Sometime in 1999, Gilles met Kathleen Sexton (“Kathleen”) and, by October of that year, they became engaged to be married. Kathleen had been married previously and had a child from that marriage. In the Spring of 2000, before they married, Gilles and Kathleen took out life insurance policies from Zurich Kemper. Gilles purchased a policy on his life, naming Kathleen as the beneficiary, in the amount of $200,000. 3 Kathleen made her policy benefits payable to her estate in the amount of $200,000, with her son from her prior marriage as the beneficiary of her estate. 4 Gilles and Kathleen were married in Worcester County on 3 July 2000. 5 At the time, they were 40 and 45 years old, respectively.
On 29 January 2004, Gilles learned that he had lymphoma. He underwent chemotherapy and radiation treatment between then and September 2004. He experienced little success with the conventional treatments. His oncologist told him that he should consider a stem cell transplant. Gilles had the transplant in September 2004 and was declared cancer free by early October 2004. About two weeks later, however, he was admitted to the hospital in the middle of the night. Gilles died on 18 October 2004. At the time of his death, Gilles was 44 *479 years old and had been married to Kathleen for four years. Lauren, his and Bernadette’s child, was 14 years old when Gilles died.

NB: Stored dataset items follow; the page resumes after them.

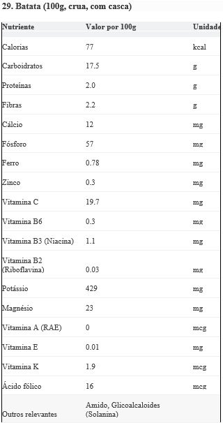Fonte Principal De: Carboidratos (amido), Potássio, Vitamina C, Vitamina B6, Fibras (especialmente na casca).
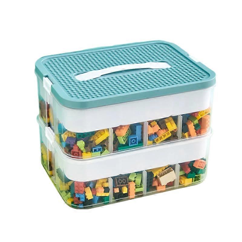Storage Box Green With White Line Two Layers Stackable Organizer Storage Boxes
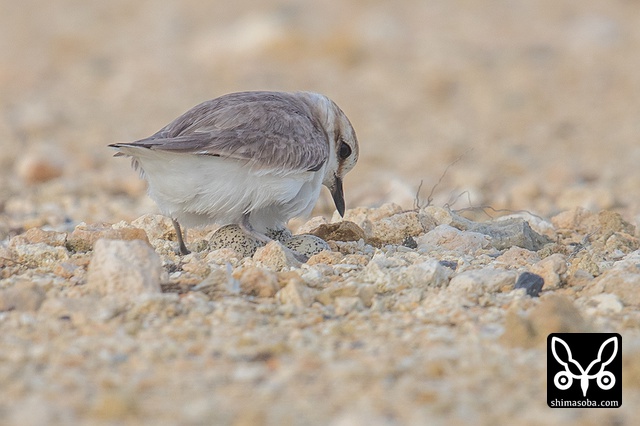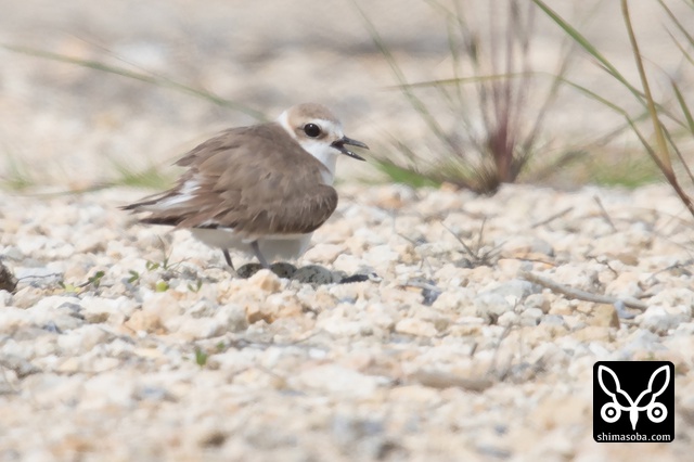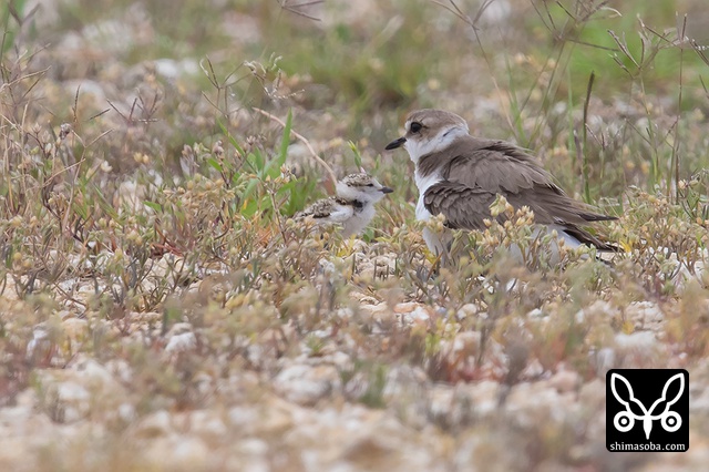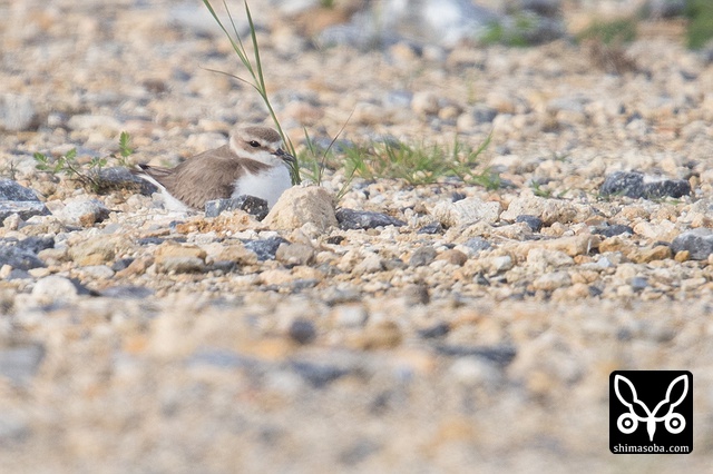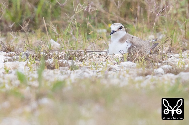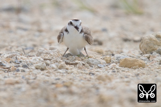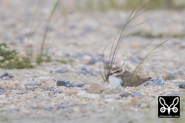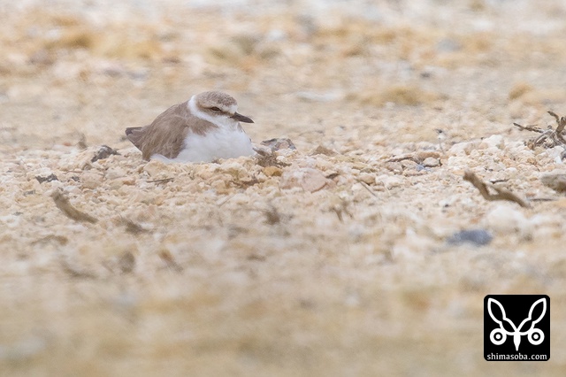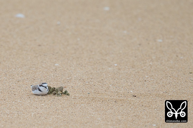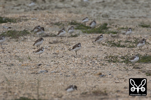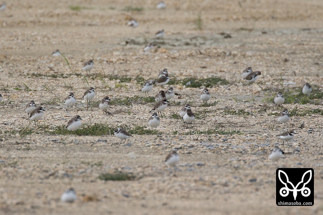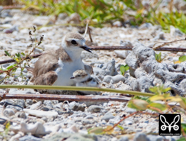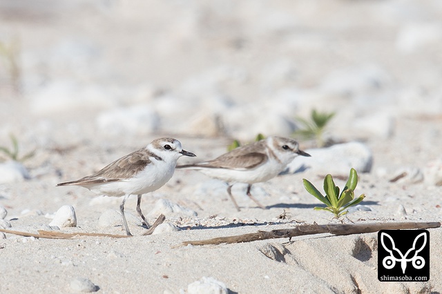 この2羽のシロチドリが偽傷などをしてヒナを守っていたのですが、両方ともメスですよね? シロチドリのオスは子育てに参加しない? p.s. この時期、羽の磨耗が激しくオスメスの区別がつきにくくなるそうです。左側の個体がオスだそうです。見分けポイントは側胸のラインが黒いところだそうです。バードリサーチの方に教えていただきました。
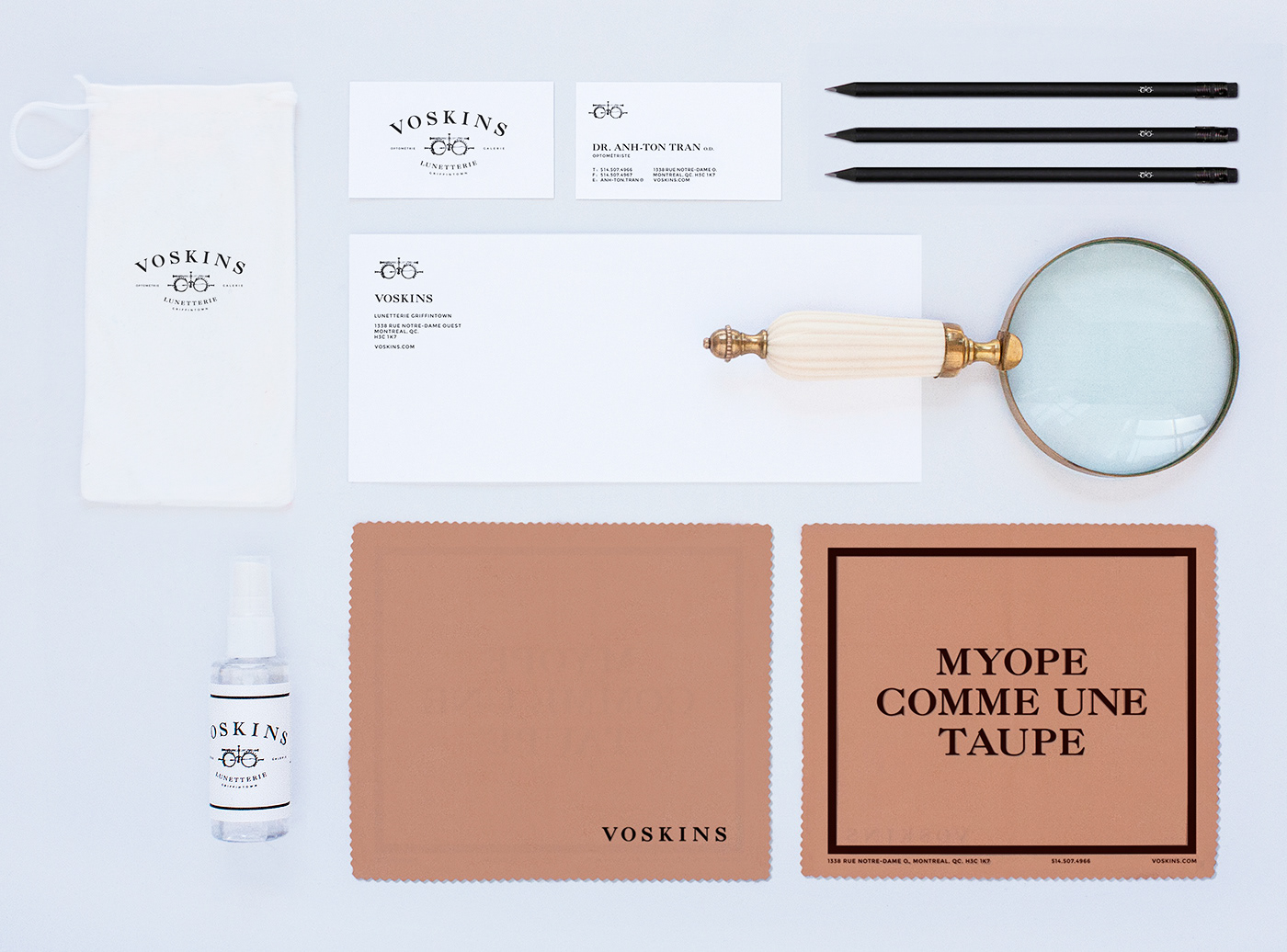 Branding created for high-end glasses shop in Griffintown. In order to celebrate society’s renewed appreciation for glasses, a classic and vintage aesthetic was combined with bold, comical statements that would help people embrace their near or farsightedness.

This case centers on the estate planning arrangements that Gilles made in the last three to four months of his life. On 23 June 2004, Gilles prepared and executed his Last Will and Testament and a document known as the Gilles H. Schoukroun Trust (the “Trust”). In his will, Gilles named his sister, Maryse Karsenty (“Maryse”), the Personal Representative of his estate. The will provided, “I give all my tangible personal property, together with any insurance providing coverage thereon, to my wife, KATHLEEN SEXTON....” Gilles bequeathed the “rest, residue and remainder” of the estate to the Trust.
With respect to the Trust, Gilíes named Lauren the beneficiary. He named himself settlor and trustee during his lifetime, and he appointed Maryse trustee upon his death. In the event Maryse could not serve as trustee, Gilíes named Kathleen as the alternative trustee. Clause Two of the Trust provided:
The Settlor reserves the right to amend or terminate this trust from time to time by notice in writing delivered to the Trustee during the lifetime of the Settlor, and any amendment or termination shall be effective immediately upon delivery thereof to the Trustee, except that changes with respect to the Trustee’s duties, liabilities or compensation shall not be effective without its consent.

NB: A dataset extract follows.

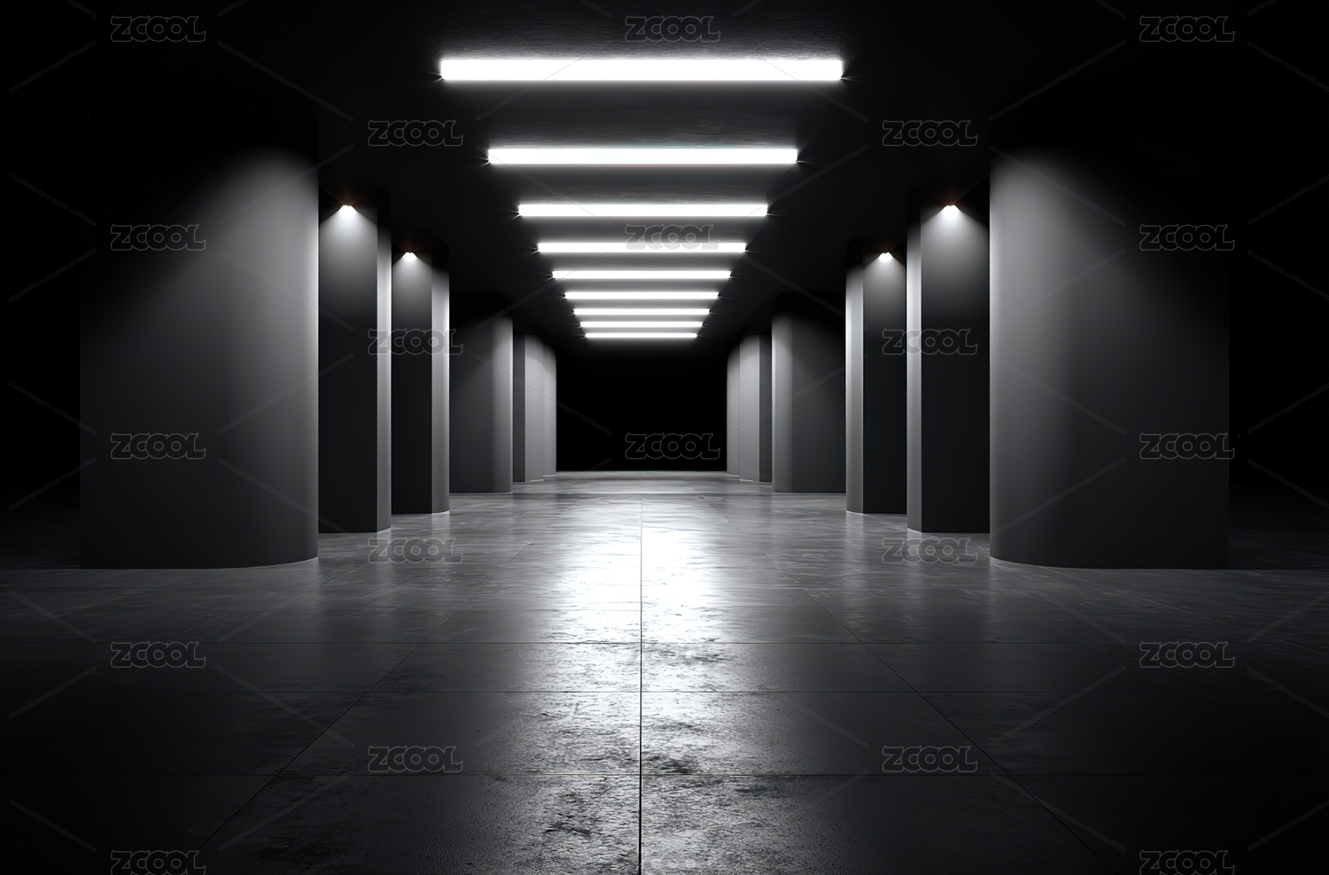 黑暗走廊中的荧光灯照明

Upon the death of the Settlor, this trust shall be irrevocable and there shall be no right to alter, amend, revoke or terminate this trust or any of its provisions.

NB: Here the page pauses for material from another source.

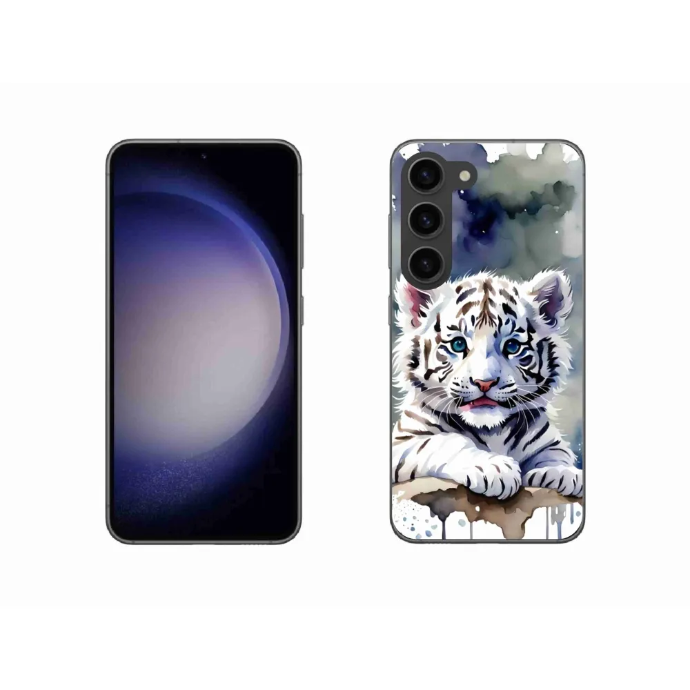 Psie púzdro na Samsung Galaxy S23 5G - mláďa bieleho tigra poskytuje všetky výhody gélových obalov, a to v zaujímavom dizajne.
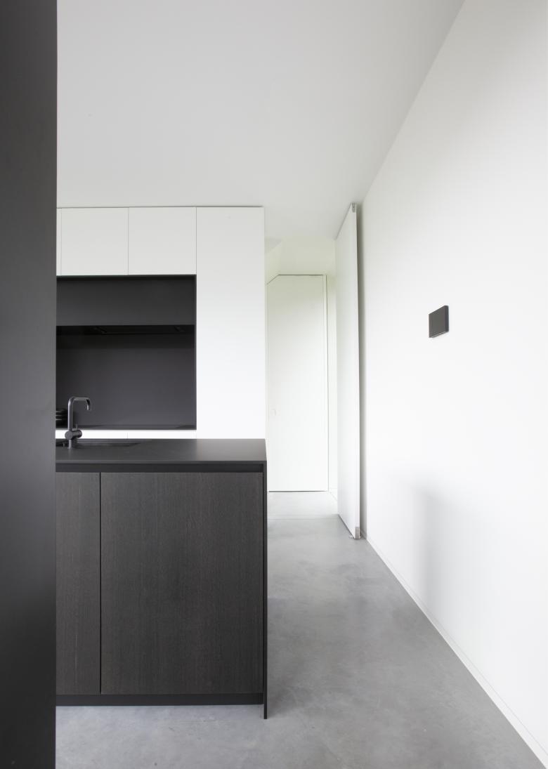 De verticale circulatie en bergruimte vormen een fysieke en akoestische buffer tussen de kantoorruimte en de leefruimtes op de gelijkvloerse verdieping. De leefruimtes laten zich door hun openheid als één geheel beleven, toch zijn de individuele ruimtes duidelijk gedefinieerd. Een patio scheidt de keuken van de eetruimte en zorgt voor een aantrekkelijke lichtgloed op de muren. Dankzij de positie in het grondplan is er vanuit de keuken visueel contact met de straat mogelijk. De relatie met de patio is een surplus voor de eetruimte. De grote schuiframen laten toe te eten of gasten te ontvangen in een binnen-buitenomgeving, waardoor net wel of geen contact met de straat mogelijk is.

Clause Three of the Trust, in pertinent part, provided:
The Trustee shall pay the net income from this trust to or for the benefit of the Settlor during the Settlor’s lifetime, in such annual or more frequent installments as the Trustee and the Settlor may agree, and the Trustee shall pay so much or all of the principal of the trust to the Settlor as he shall from time to time request in a signed writing delivered to the Trustee.
*480 On the same day that he created the Trust, Gilíes transferred into the Trust assets from three financial accounts: (1) one at E*Trade Financial, worth approximately $29,037.15; (2) one at Fidelity Investments, worth approximately $75,257.25; and (3) a second at Fidelity Investments, worth approximately $49,034.67. On 12 July 2004, Gilíes named the Trust as the beneficiary of two IRA transfer-on-death (“TOD”) accounts at Fidelity Investments, one worth approximately $257,863.31, the other worth approximately $14,069.51. It was clear that Fidelity managed the investments in the larger TOD account (there was no similar evidence offered as to the smaller). It appears from the record that Gilíes took no distributions from either of the TOD accounts during his lifetime. 6
When Gilíes died, Lauren became the sole beneficiary of the Trust. Kathleen received the $200,000 proceeds from Gilles’s Zurich Kemper life insurance policy. In accordance with Gilles’s will, Kathleen also received his 2003 Toyota Highlander, the outstanding loan balance for which he had recently paid off. The vehicle was valued at approximately $22,000.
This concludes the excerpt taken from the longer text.